Nysa Hot: Państwowa Wyższa Szkoła Zawodowa w Nysie to nie pierwsza uczelnia, na której się kształcisz. Jakie kierunki studiowałaś zanim postanowiłaś rozwijać swoją muzyczne zainteresowania?
Gosia Sacała: Racja, przewinęłam się w swoim życiu przez kilka uczelni. Najpierw rok na AGH w Krakowie, studiowałam inżynierię produkcji. To był taki czas, że wmawiałam sobie, że skoro nie mogę robić tego, czego chcę, będę przynajmniej dobrze zarabiającym inżynierem. Wytrwałam rok, bo …uwaga, będę melodramatyczna, moja dusza umierała podczas liczenia nośności belek i rysowania wykresów płynięcia stali. Także po tym roku zaczęłam od zera, z czego jestem bardzo dumna. A’propos dużo osób myśli, że zmiana decyzji, zmiana kierunku studiów, to porażka. Ja uważam dokładnie odwrotnie – jeśli wiesz, że coś zgrzyta w rzeczywistości, w której żyjesz, należy coś zmienić i ta zmiana zawsze będzie oznaką odwagi. Wracając do tematu, po tym nietrafionym roku rozpoczęłam i skończyłam licencjat z zarządzania, też na AGH. Następnie wróciłam do mojego rodzinnego miasta Opola i tam na Politechnice Opolskiej zostałam magistrem na tym samym kierunku.
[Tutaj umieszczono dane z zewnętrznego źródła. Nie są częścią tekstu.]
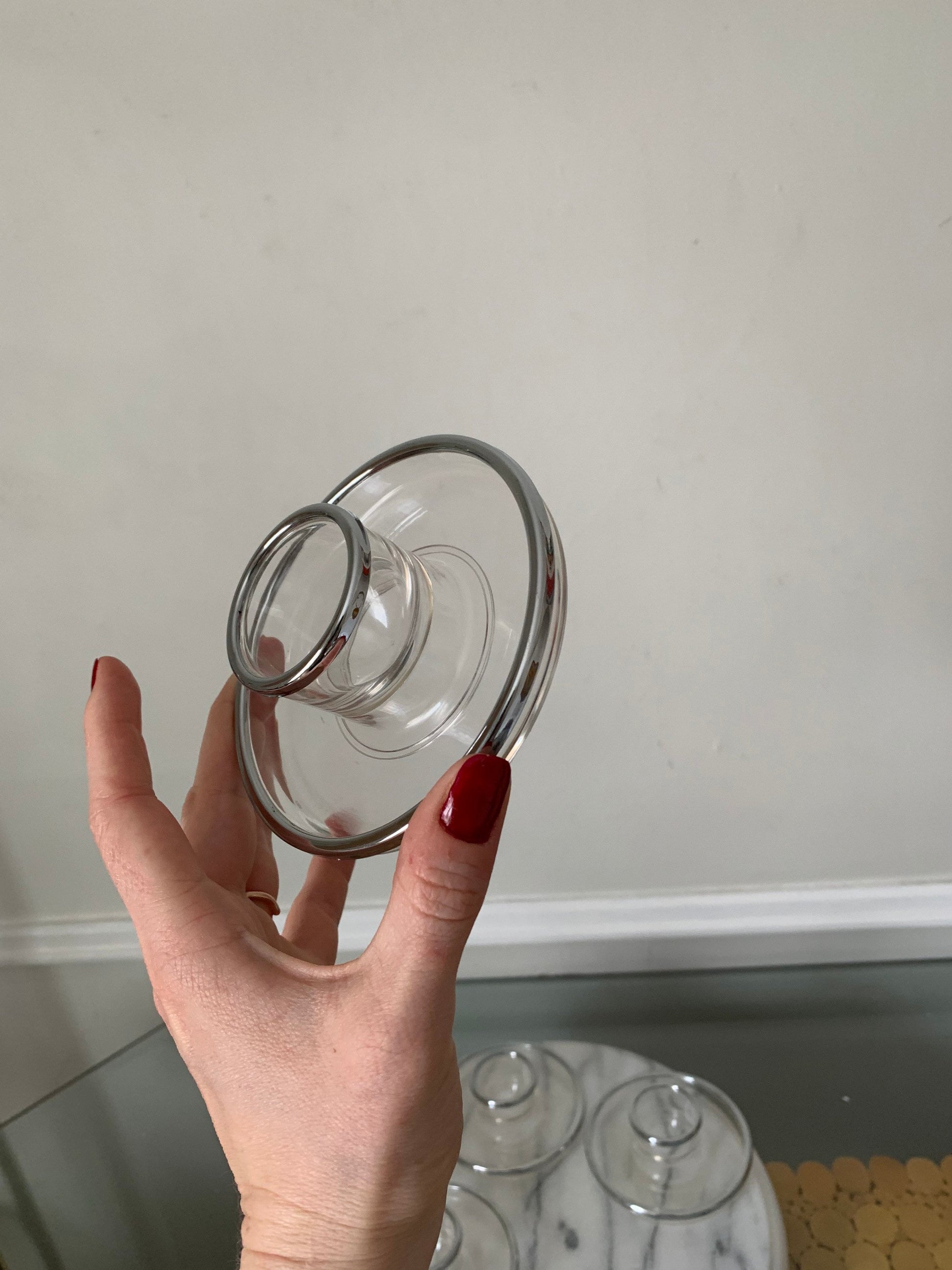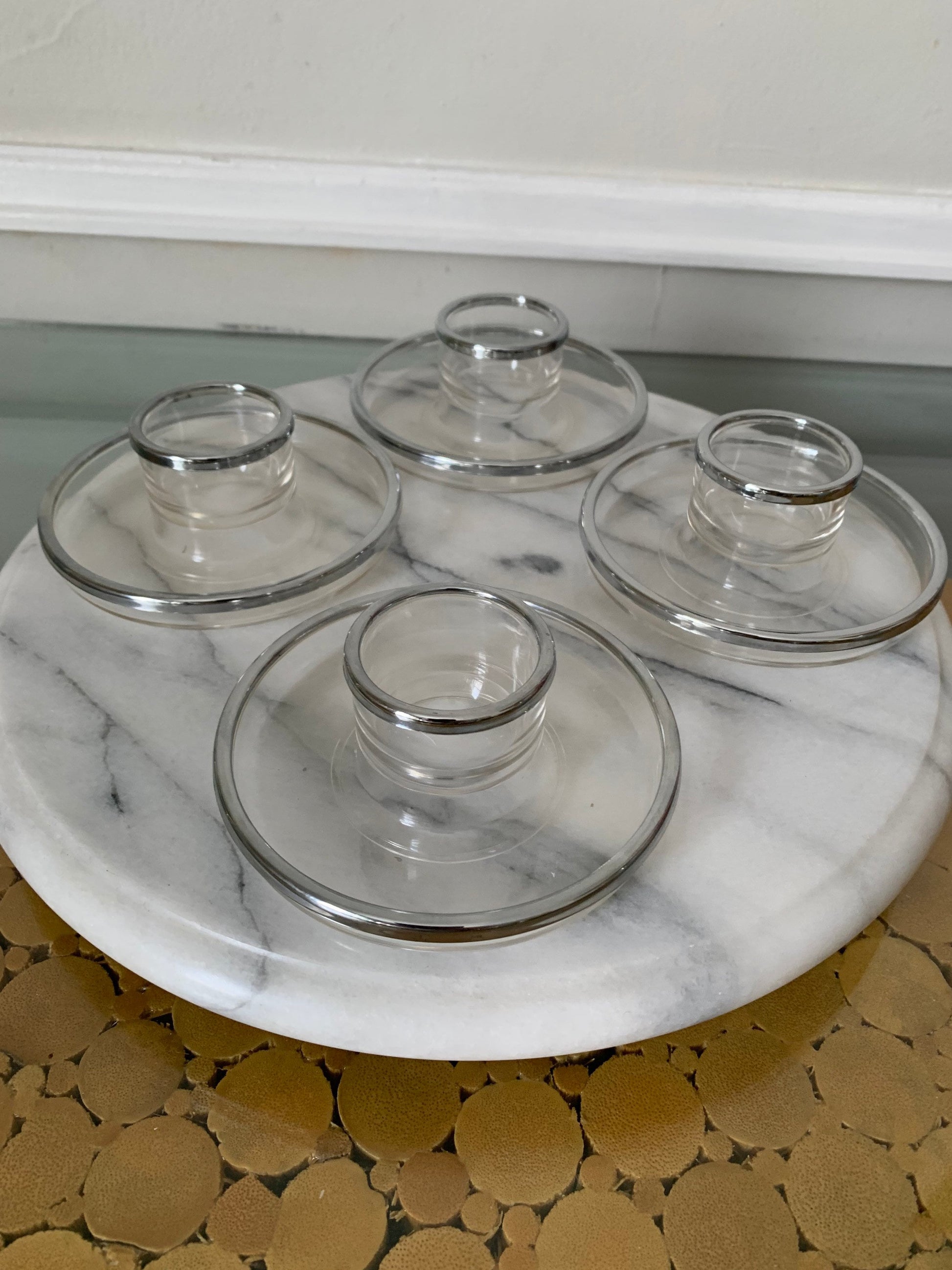 4 Vintage Acrylic Egg Cups with Silver Rims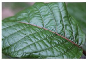 A kratom leaf, the source of an herbal supplement that users say can provide pain relief and relieve insomnia, among other uses.

NH: Obecnie studiujesz na wydziale Jazzu w Nysie. Co zachęciło Cię do rozwijania się na płaszczyźnie muzycznej?
GS: Toż to moje marzenie. Nikt nie musiał mnie zachęcać! Wydaje mi się, że pytasz dlaczego dopiero teraz i co się zmieniło. Szczerze, wydaje mi się, że to ja się zmieniłam. Jestem w końcu gotowa i tym razem poszłam na studia wiedząc czego chcę, w przeciwieństwie do moich poprzednich przygód ze szkolnictwem wyższym.
NH: Teraz jesteś trenerem głosu. Co to oznacza? Czym dokładnie się zajmujesz?
GS: Co to oznacza? Hahaha, sama nie wiem. Żarcik. A tak na poważnie, długo myślałam jakby tu siebie nazwać i padło na trener głosu, bo brzmi dość współcześnie, na przykład w porównaniu do „nauczyciel śpiewu”, a jednocześnie dość konkretnie zawęża obszar mojego działania, bo – przechodząc do drugiego pytania – zajmuję się trenowaniem, kształceniem głosu. Interesuję się emisją głosu, czyli techniką wydobywania dźwięku, a moim celem są zdrowe, dźwięczne, stabilne głosy. Naprawdę mnie to jara!
NH: Co więcej, także prowadzisz swój kanał na You Tube – Gosia Sacała Trener Głosu, który liczy już sobie prawie 70 tysięcy obserwatorów. Co możemy znaleźć na Twoim kanale?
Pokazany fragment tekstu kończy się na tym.